→ **Material for the task**
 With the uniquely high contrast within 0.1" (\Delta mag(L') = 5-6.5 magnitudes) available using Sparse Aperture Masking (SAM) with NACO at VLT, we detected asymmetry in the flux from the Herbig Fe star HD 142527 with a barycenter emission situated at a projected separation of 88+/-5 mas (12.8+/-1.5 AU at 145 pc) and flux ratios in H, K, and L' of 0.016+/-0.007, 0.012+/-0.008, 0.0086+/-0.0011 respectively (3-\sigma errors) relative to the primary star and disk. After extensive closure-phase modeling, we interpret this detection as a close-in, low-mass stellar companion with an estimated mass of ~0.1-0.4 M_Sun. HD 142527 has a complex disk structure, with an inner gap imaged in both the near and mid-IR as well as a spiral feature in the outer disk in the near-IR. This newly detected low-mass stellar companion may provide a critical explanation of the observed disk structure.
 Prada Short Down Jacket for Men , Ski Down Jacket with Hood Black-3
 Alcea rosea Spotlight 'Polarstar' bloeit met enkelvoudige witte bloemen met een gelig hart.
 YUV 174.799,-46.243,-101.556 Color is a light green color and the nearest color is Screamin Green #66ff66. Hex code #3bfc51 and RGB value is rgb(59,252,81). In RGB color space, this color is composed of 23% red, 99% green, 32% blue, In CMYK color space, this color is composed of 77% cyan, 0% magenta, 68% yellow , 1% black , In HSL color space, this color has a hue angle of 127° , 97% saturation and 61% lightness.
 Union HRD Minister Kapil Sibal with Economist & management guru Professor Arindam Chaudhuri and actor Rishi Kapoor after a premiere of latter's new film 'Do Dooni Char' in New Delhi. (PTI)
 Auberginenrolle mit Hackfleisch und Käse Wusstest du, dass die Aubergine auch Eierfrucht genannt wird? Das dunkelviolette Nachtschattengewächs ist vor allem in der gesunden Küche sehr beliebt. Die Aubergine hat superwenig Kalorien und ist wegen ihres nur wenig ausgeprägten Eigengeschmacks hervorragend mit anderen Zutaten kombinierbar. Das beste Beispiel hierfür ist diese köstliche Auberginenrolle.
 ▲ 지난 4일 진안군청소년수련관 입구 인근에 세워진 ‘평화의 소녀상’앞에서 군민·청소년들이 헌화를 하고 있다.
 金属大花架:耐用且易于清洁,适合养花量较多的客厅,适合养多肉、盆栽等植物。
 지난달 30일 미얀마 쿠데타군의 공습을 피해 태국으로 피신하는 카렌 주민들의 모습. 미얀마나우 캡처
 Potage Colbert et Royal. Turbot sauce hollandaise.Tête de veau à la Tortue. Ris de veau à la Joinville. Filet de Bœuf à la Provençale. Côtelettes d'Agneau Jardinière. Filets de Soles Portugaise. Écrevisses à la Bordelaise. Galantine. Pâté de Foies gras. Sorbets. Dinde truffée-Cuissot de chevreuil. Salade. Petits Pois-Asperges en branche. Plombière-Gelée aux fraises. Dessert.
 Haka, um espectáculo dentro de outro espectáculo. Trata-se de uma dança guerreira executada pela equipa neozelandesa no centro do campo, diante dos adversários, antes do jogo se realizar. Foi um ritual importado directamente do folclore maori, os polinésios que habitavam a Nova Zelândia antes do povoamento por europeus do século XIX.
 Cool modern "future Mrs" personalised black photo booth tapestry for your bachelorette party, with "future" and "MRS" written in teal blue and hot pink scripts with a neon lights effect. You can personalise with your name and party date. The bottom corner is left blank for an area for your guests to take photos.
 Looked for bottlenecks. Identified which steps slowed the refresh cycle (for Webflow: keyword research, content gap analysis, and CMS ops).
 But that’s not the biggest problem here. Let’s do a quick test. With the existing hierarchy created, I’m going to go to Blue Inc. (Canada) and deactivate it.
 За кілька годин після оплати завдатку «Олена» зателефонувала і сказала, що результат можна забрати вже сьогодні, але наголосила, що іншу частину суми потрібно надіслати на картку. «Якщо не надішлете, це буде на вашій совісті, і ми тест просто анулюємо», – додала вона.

--

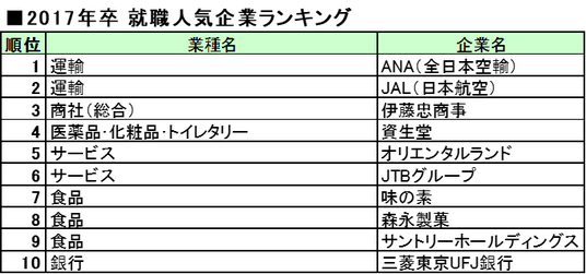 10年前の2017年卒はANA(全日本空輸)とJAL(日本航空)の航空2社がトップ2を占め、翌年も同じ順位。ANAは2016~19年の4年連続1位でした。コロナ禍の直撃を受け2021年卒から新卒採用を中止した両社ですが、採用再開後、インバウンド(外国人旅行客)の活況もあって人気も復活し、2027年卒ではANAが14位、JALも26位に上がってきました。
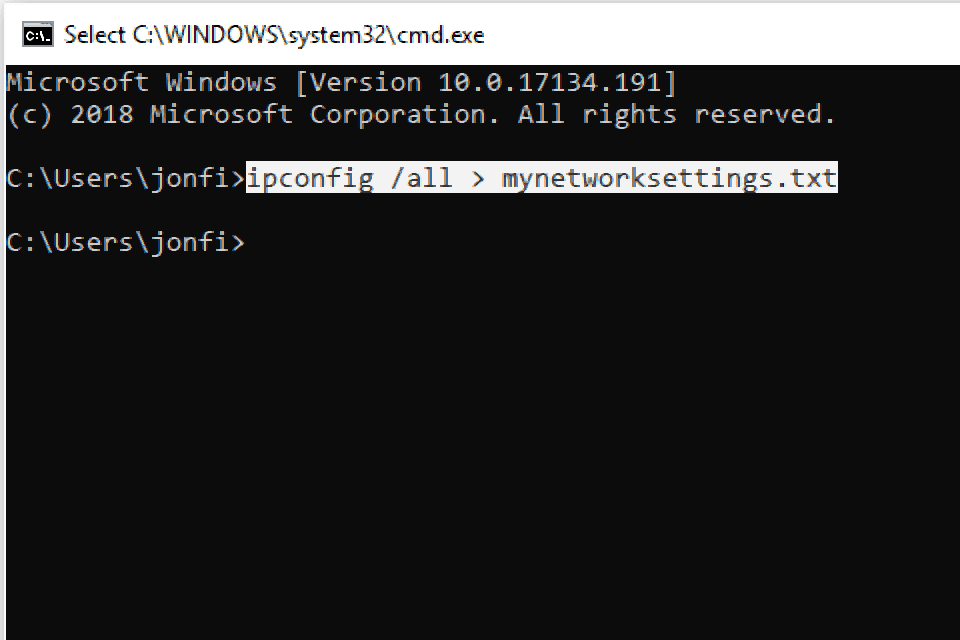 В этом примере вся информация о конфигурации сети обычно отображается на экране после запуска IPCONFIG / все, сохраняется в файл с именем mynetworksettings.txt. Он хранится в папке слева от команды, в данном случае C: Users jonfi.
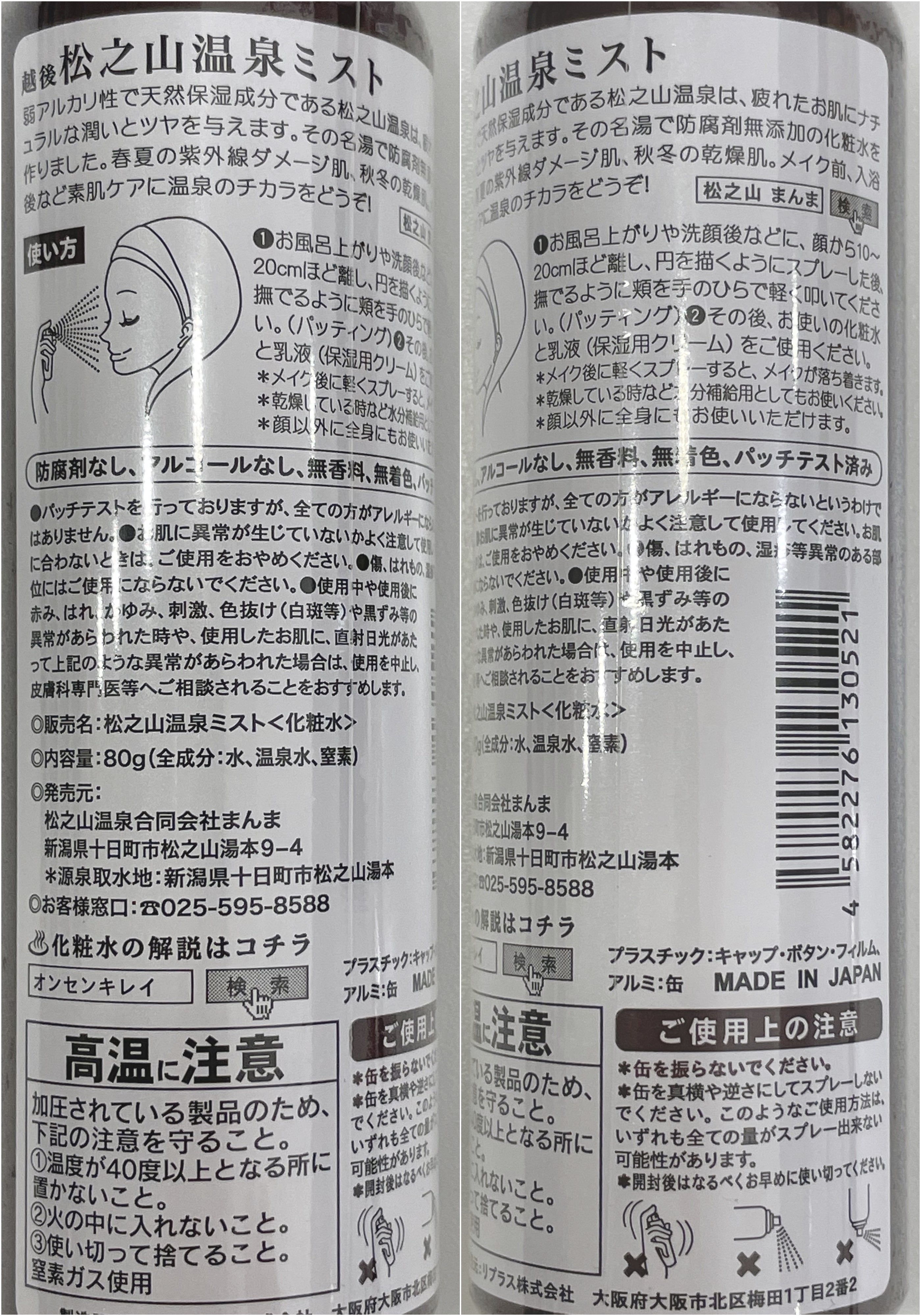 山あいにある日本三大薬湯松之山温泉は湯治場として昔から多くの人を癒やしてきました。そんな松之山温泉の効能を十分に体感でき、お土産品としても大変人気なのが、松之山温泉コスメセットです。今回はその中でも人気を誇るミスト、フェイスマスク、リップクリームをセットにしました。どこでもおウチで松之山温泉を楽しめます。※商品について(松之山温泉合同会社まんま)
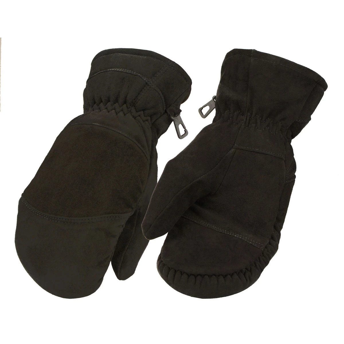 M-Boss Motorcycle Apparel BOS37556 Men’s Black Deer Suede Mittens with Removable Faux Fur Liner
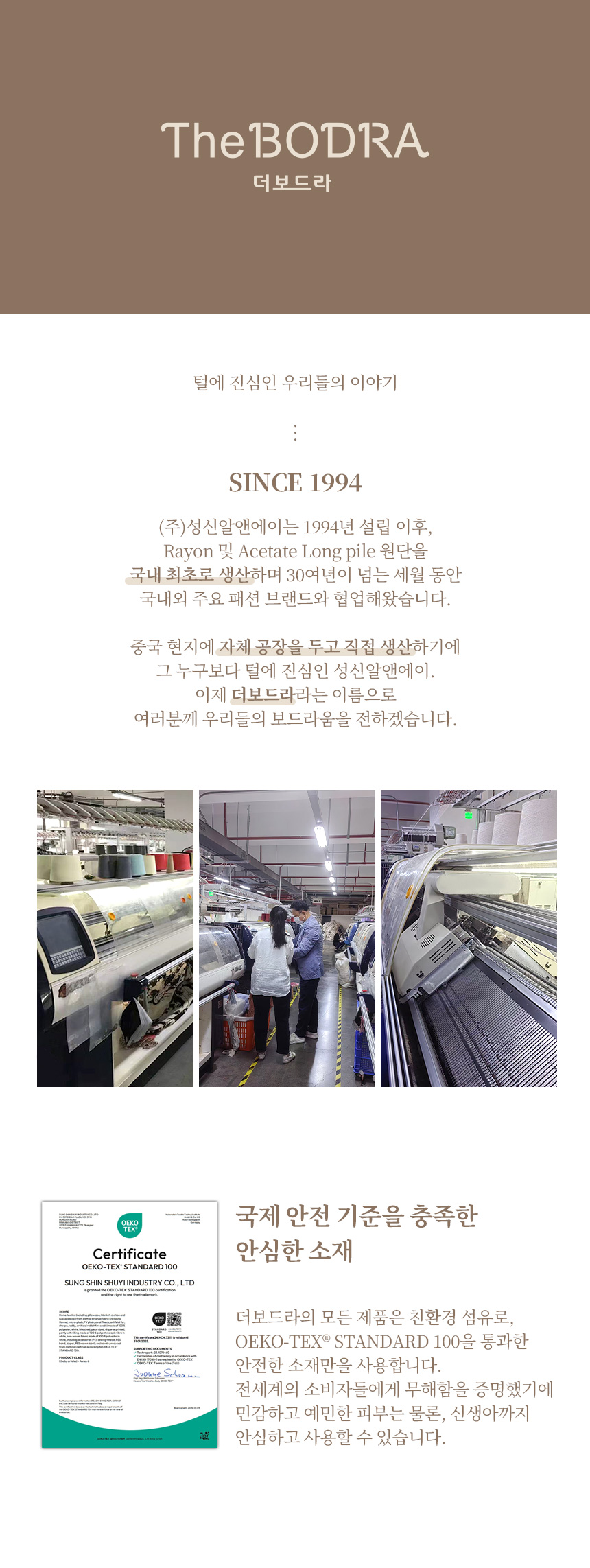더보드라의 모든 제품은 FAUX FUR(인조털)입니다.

* * *

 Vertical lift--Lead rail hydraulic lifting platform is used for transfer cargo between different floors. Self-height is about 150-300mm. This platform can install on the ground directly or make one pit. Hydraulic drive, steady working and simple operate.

→ **What you should do**
Look above for the line holding "Auberginenrolle mit Hackfleisch" and the line holding "Potage Colbert et". Retype both, and every line between them, word for word and nothing else.

→ **Solved problem**
 Auberginenrolle mit Hackfleisch und Käse Wusstest du, dass die Aubergine auch Eierfrucht genannt wird? Das dunkelviolette Nachtschattengewächs ist vor allem in der gesunden Küche sehr beliebt. Die Aubergine hat superwenig Kalorien und ist wegen ihres nur wenig ausgeprägten Eigengeschmacks hervorragend mit anderen Zutaten kombinierbar. Das beste Beispiel hierfür ist diese köstliche Auberginenrolle.
 ▲ 지난 4일 진안군청소년수련관 입구 인근에 세워진 ‘평화의 소녀상’앞에서 군민·청소년들이 헌화를 하고 있다.
 金属大花架:耐用且易于清洁,适合养花量较多的客厅,适合养多肉、盆栽等植物。
 지난달 30일 미얀마 쿠데타군의 공습을 피해 태국으로 피신하는 카렌 주민들의 모습. 미얀마나우 캡처
 Potage Colbert et Royal. Turbot sauce hollandaise.Tête de veau à la Tortue. Ris de veau à la Joinville. Filet de Bœuf à la Provençale. Côtelettes d'Agneau Jardinière. Filets de Soles Portugaise. Écrevisses à la Bordelaise. Galantine. Pâté de Foies gras. Sorbets. Dinde truffée-Cuissot de chevreuil. Salade. Petits Pois-Asperges en branche. Plombière-Gelée aux fraises. Dessert.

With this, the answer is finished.